Hello World LLM!

Published on Jan 14, 2024 in Former LLM Course  

In our two previous lessons, you learned how to install the necessary operating system requirements and Docker environment to code with LLM. Now it’s time to create your “Hello World” LLM application.

For this tutorial, we will be using the Hugging Face’s Transformers library and the GPTQ version of the fine-tuned Mistral model from OpenHermes.

As Hugging Face uses Git LFS, you will have to install it on your local machine.

terminal
sudo apt install git-lfs

Inside your model directory (shared with your Docker environment), you can clone the repository.

terminal
git clone --branch gptq-4bit-32g-actorder_True https://huggingface.co/TheBloke/OpenHermes-2.5-Mistral-7B-GPTQ

Please notice that you have several options to choose from. In this case i’ve selected the 4 bits branch with group size 32. For information, smaller groups sizes yield higher quality results. However, 1g or 1gs means there’s no configured group size and the GPTQ default is 1024 (lower quality).

Edit the config.json file in the model directory. Search the line that says "use_exllama": false and replace false with true. With 4 bits models, the Transformers library can now take advantage of exllama, which will improve its performance significantly.

python
import random
import torch
from transformers import AutoModelForCausalLM, AutoTokenizer, pipeline, set_seed
from auto_gptq import exllama_set_max_input_length

model_name = "OpenHermes-2.5-Mistral-7B-GPTQ-Q4"
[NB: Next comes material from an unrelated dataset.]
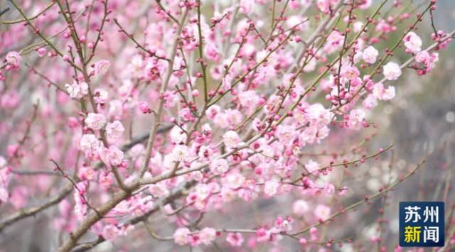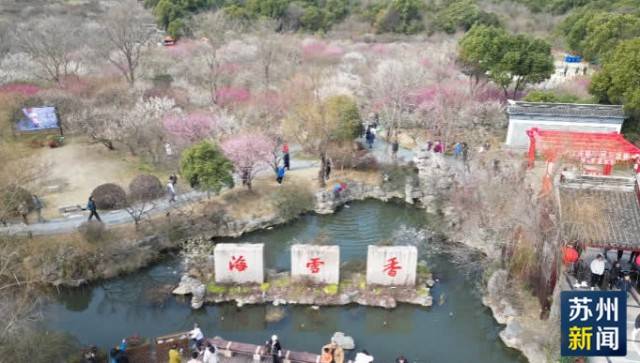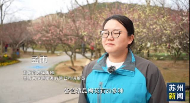 苏州市光福集团香雪海旅游服务有限公司讲解员孟雨表示,各色精品梅花有20多种,有墨梅、绿萼、雪见车等珍贵的梅花品种在景区里绽放,现在梅花也处于盛花期,整个院子里的梅花已经开到了有五成左右。

# Set the transformers seed to have a different generated text
# each time

seed = random.randint(0, 2**32-1)
set_seed(seed)

# Load the tokenizer

tokenizer = AutoTokenizer.from_pretrained(
    model_name,
    clean_up_tokenization_spaces=True,
    legacy=True
)

# Load the model

model = AutoModelForCausalLM.from_pretrained(
    model_name,
    device_map="auto",
    torch_dtype=torch.float16,
    trust_remote_code=False
)

# Set the exllama context size to 8k tokens
# It's not necessarily required for this example
# But now you know how to do it

model = exllama_set_max_input_length(model, max_input_length=8192)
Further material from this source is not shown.